[Supplied information Boundary: Start]

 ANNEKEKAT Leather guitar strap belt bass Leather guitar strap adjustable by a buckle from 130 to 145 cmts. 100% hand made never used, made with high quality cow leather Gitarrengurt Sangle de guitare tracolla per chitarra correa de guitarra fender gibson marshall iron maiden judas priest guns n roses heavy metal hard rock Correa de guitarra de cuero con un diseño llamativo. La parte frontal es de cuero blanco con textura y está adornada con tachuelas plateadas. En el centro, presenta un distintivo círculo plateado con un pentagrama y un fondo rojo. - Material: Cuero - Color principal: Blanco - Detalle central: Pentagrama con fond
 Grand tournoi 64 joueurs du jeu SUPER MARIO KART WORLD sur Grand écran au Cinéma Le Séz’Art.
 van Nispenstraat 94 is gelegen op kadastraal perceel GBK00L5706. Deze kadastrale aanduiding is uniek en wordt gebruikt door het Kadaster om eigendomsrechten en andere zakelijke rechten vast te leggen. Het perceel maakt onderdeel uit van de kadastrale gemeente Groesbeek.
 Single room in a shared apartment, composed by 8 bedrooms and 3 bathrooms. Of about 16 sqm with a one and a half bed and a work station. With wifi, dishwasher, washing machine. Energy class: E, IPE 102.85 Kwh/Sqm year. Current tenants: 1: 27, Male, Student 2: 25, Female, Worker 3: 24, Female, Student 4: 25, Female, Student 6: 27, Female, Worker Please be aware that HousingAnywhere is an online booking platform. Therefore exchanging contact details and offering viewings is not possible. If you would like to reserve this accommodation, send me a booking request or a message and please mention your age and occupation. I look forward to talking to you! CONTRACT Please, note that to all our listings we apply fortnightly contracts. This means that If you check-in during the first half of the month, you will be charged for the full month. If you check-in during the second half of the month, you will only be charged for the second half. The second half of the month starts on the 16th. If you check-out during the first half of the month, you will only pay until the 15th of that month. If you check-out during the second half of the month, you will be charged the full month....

[Supplied information Boundary: End]
[Supplied information Boundary: Start]

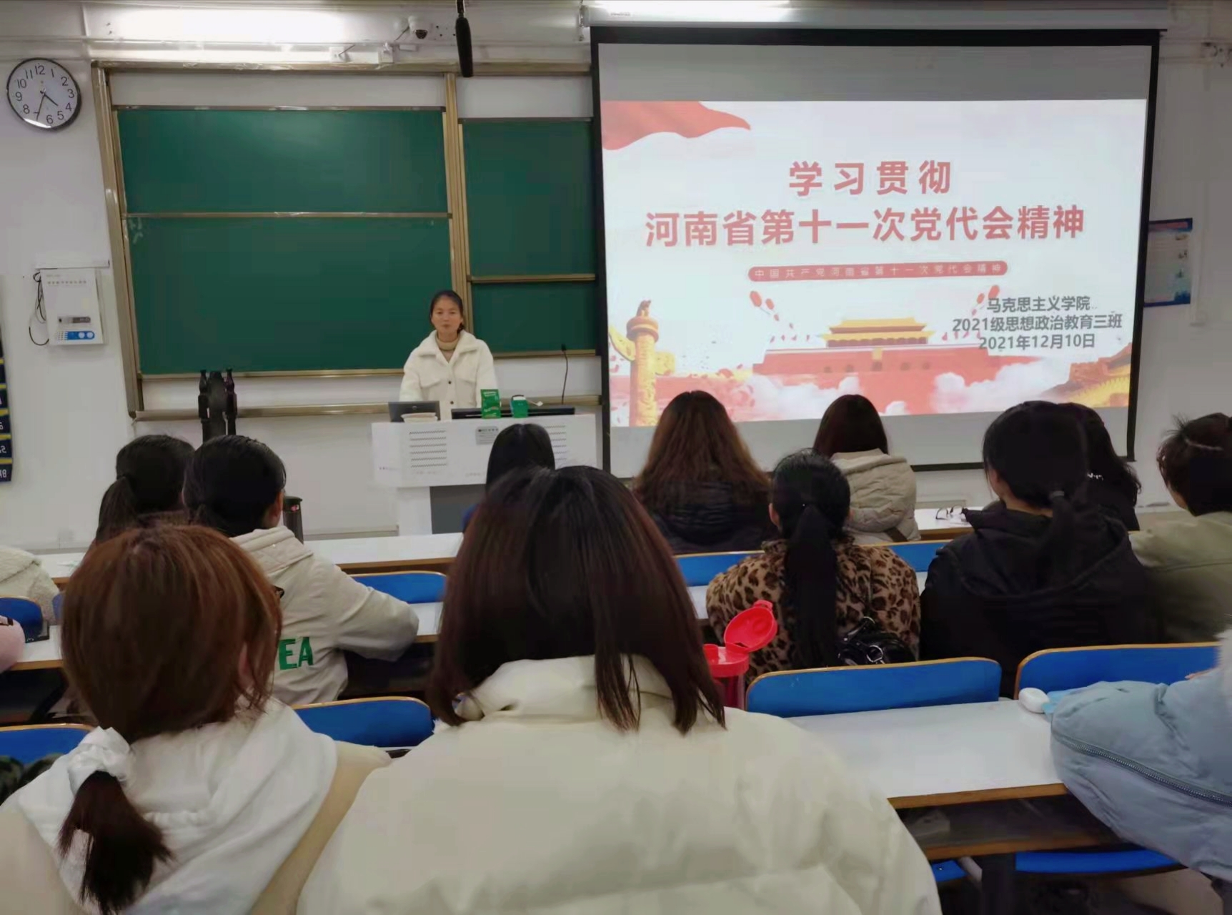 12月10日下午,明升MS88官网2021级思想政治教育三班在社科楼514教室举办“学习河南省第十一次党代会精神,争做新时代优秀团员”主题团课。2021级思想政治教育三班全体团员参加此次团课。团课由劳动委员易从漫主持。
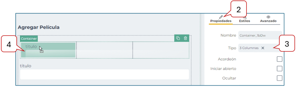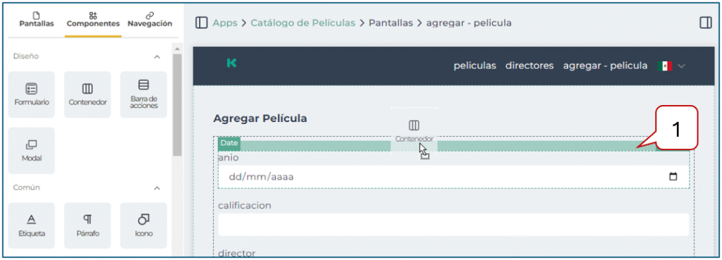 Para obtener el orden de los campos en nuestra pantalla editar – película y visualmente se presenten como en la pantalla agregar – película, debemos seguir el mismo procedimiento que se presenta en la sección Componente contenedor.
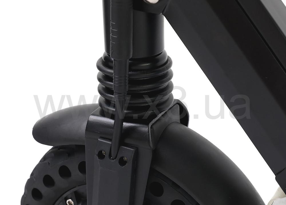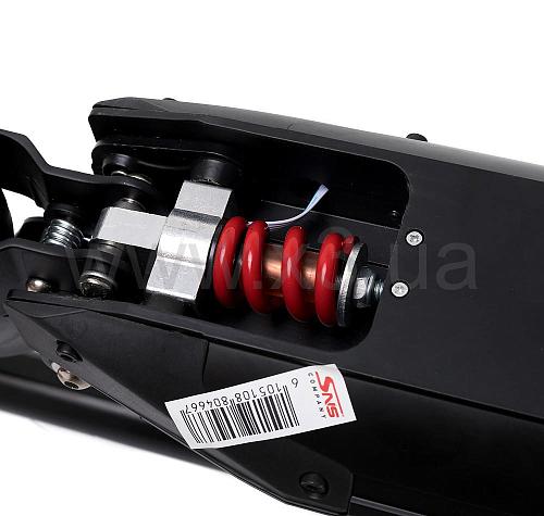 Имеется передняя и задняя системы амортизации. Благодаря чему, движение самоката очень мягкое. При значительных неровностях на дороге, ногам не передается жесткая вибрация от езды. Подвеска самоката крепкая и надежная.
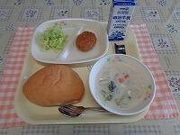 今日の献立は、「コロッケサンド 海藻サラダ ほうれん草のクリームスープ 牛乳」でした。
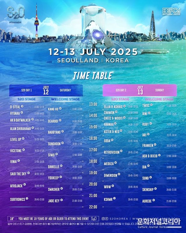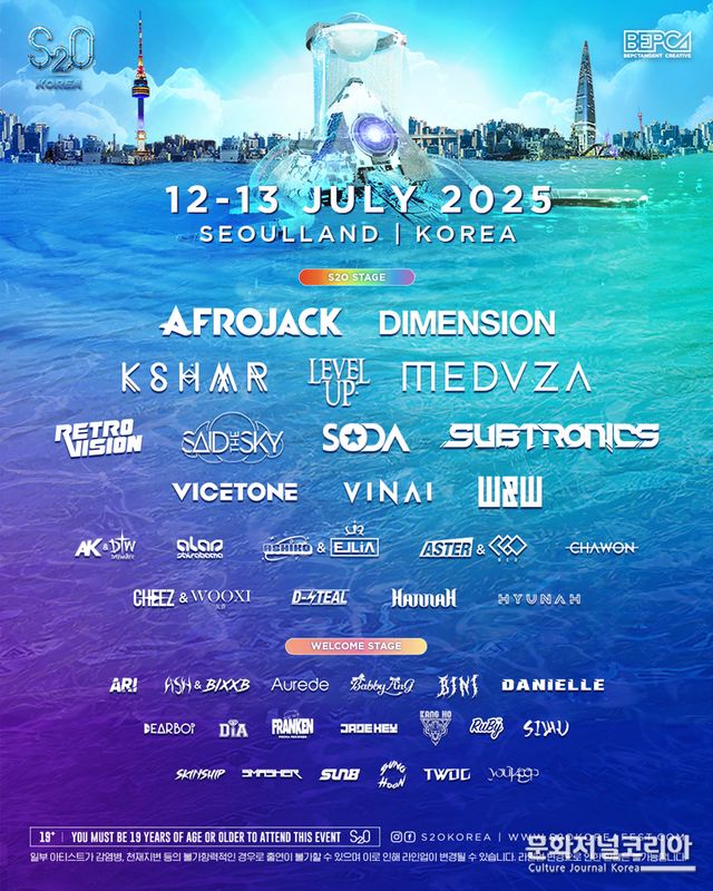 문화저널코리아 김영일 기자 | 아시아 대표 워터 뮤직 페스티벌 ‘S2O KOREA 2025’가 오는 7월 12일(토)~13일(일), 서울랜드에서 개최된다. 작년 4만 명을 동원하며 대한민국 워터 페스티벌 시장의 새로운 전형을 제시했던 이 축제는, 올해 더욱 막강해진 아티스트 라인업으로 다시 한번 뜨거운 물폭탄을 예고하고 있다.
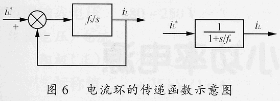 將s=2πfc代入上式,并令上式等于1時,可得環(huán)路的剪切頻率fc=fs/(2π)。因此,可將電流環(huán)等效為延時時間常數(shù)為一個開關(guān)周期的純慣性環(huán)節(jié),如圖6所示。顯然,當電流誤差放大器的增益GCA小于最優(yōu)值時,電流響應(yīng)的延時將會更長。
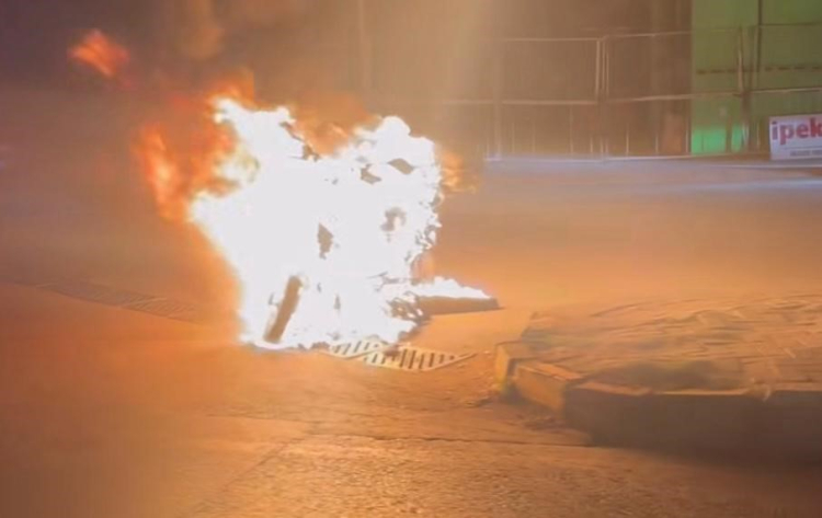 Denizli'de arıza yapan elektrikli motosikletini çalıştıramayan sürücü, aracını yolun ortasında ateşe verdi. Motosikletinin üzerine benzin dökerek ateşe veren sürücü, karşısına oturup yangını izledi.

[Supplied information Boundary: End]

Work to be completed:
Output should consist of the lines above from the one with "12月10日下午,明升MS8" down to the one with "Denizli'de arıza yapan", exact and without pictures.

Solution to the problem:
 12月10日下午,明升MS88官网2021级思想政治教育三班在社科楼514教室举办“学习河南省第十一次党代会精神,争做新时代优秀团员”主题团课。2021级思想政治教育三班全体团员参加此次团课。团课由劳动委员易从漫主持。
 Para obtener el orden de los campos en nuestra pantalla editar – película y visualmente se presenten como en la pantalla agregar – película, debemos seguir el mismo procedimiento que se presenta en la sección Componente contenedor.
 Имеется передняя и задняя системы амортизации. Благодаря чему, движение самоката очень мягкое. При значительных неровностях на дороге, ногам не передается жесткая вибрация от езды. Подвеска самоката крепкая и надежная.
 今日の献立は、「コロッケサンド 海藻サラダ ほうれん草のクリームスープ 牛乳」でした。
 문화저널코리아 김영일 기자 | 아시아 대표 워터 뮤직 페스티벌 ‘S2O KOREA 2025’가 오는 7월 12일(토)~13일(일), 서울랜드에서 개최된다. 작년 4만 명을 동원하며 대한민국 워터 페스티벌 시장의 새로운 전형을 제시했던 이 축제는, 올해 더욱 막강해진 아티스트 라인업으로 다시 한번 뜨거운 물폭탄을 예고하고 있다.
 將s=2πfc代入上式,并令上式等于1時,可得環(huán)路的剪切頻率fc=fs/(2π)。因此,可將電流環(huán)等效為延時時間常數(shù)為一個開關(guān)周期的純慣性環(huán)節(jié),如圖6所示。顯然,當電流誤差放大器的增益GCA小于最優(yōu)值時,電流響應(yīng)的延時將會更長。
 Denizli'de arıza yapan elektrikli motosikletini çalıştıramayan sürücü, aracını yolun ortasında ateşe verdi. Motosikletinin üzerine benzin dökerek ateşe veren sürücü, karşısına oturup yangını izledi.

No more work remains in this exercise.